When the DC Universe rebooted itself last year in an effort to boost sales, the Bat-titles started over with new first issues. What they didn’t do, though, was actually start over. A few details about Batman’s past might have changed to fit in with the rest of the comics universe he was sharing, but all the old recognizable villains still hung out in Arkham Asylum and had been struggling against the Dark Knight for years.
To celebrate a new continuity, however, Batman writer Scott Snyder introduced a new set of menaces to say, “hey, this is the 21st Century! Rules have changed.” But as any Bat-fan knows, no matter what’s going on, you have to let the Joker play.
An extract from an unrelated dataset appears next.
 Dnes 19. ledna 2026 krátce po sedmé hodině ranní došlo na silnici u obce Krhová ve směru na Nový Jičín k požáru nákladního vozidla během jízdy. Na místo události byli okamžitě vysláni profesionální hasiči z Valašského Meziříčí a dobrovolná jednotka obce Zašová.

Snyder got the ball rolling a year ago by having new villain The Dollmaker abduct the Joker and — no, you are going to read this correctly — cutting off his face.
The Clown Prince of Crime then disappeared for a year, leaving his face in evidence at the Gotham City Police Department. And this week, he showed up to take it back.
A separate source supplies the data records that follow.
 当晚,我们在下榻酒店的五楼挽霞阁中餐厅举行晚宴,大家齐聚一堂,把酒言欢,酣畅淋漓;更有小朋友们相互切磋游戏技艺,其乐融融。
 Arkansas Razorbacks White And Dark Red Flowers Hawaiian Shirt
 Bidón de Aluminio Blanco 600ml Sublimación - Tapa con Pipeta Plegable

It’s been a grim year for Batman, struggling against malevolent forces for the soul of his city. And the Joker has decided that his arch-enemy has lost his way in the struggle. Batman needs to be tested, to be strengthened, and, just like the Joker’s face, have his weakness cut away.
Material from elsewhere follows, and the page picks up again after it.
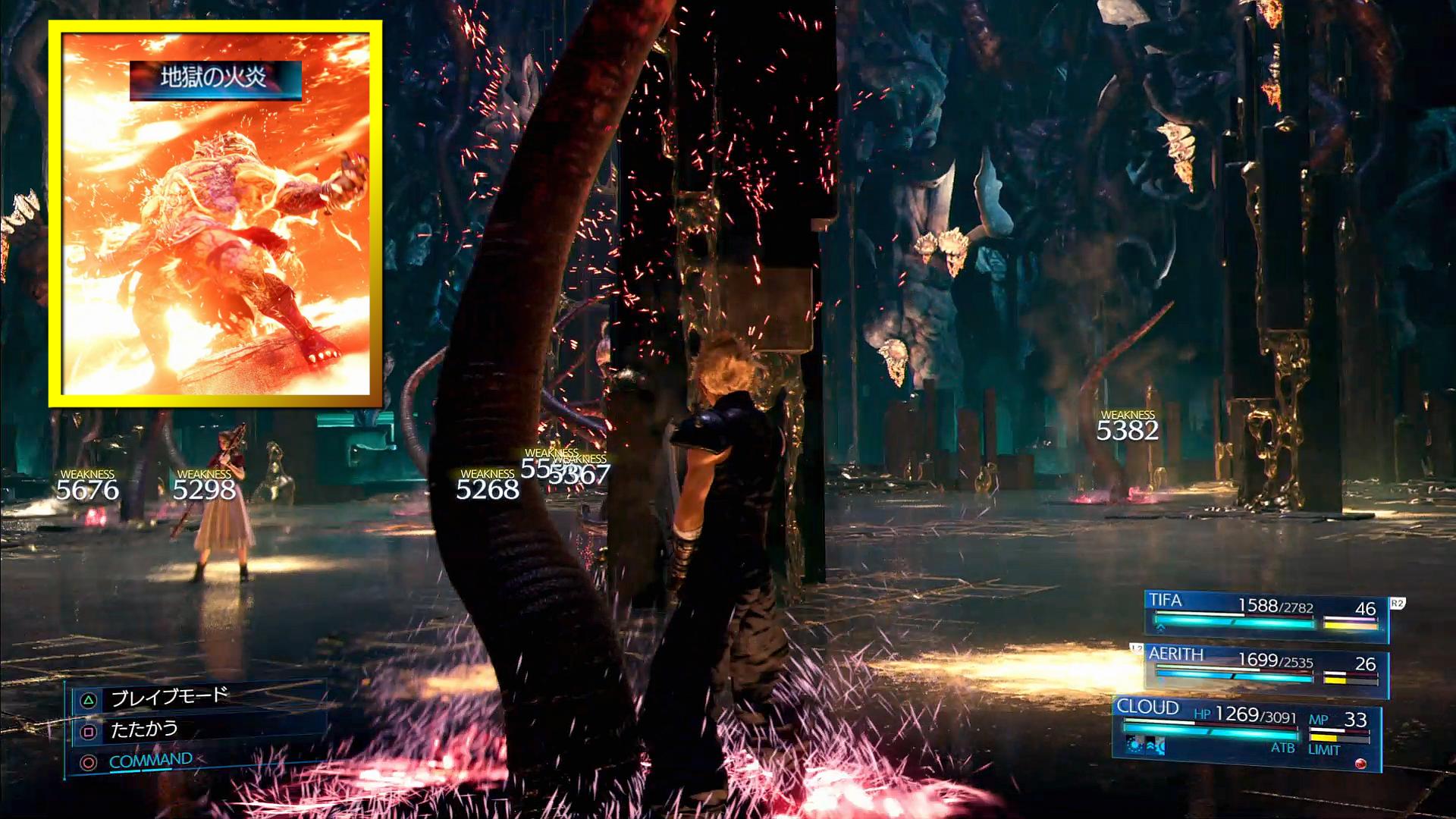 …ということで、実戦では、第3段階開始後に最速タイミングで召喚獣を使い、あとはジェノバレーザーを喰らう前に3本・6本の触手を収穫するよう心がけていったところ、無事に触手12本のパートでイフリートの「地獄の火炎」が発動してくれた。触手12本が出現した後は、人間キャラで積極的に攻める必要は無く、ATBゲージを補充して「レジスト♂」や「ヘイスト」を貼り直す時間すらあったほどである。

What are those weaknesses? Batgirl, Robin, Nightwing and many others that might even include Ace the Bat-Hound. So starting with this week’s Batman #13, the Joker steps out of the shadows, threatening Batman in an epic that will cross over into all the titles that can be associated with Batman called “Death of the Family.”
Snyder is laying out a storyline that reclaims all the high points of his past with the Joker. The title refers to the 1980’s classic “A Death in the Family,” in which the second Robin, Jason Todd, tried to take on the Joker by himself. Thanks to a controversial phone-in poll in the real world, Jason Todd paid for that with his life. (Though he got better.)
There are nods to the past, but it’s Snyder’s present vision of the Joker that is absolutely chilling. Not to spoil anything, but his taunting of both Commissioner Gordon and his own “girlfriend” Harley Quinn reveal a Joker that is not for the kiddies, but makes absolute sense in our modern world. The real world has upped the game for the Harlequin of Hate.
If you are interested in checking this out, start with Batman #13, which can be purchased with our without a bonus cardboard mask of the Joker. Also on the stands this week is Batgirl #13, which is listed as a “prologue” to “Death of the Family.” While a strong book in its own right, only three panels tie in to the larger storyline. If you’re not already reading it, you can skip it.
But do not skip this revision of the Joker.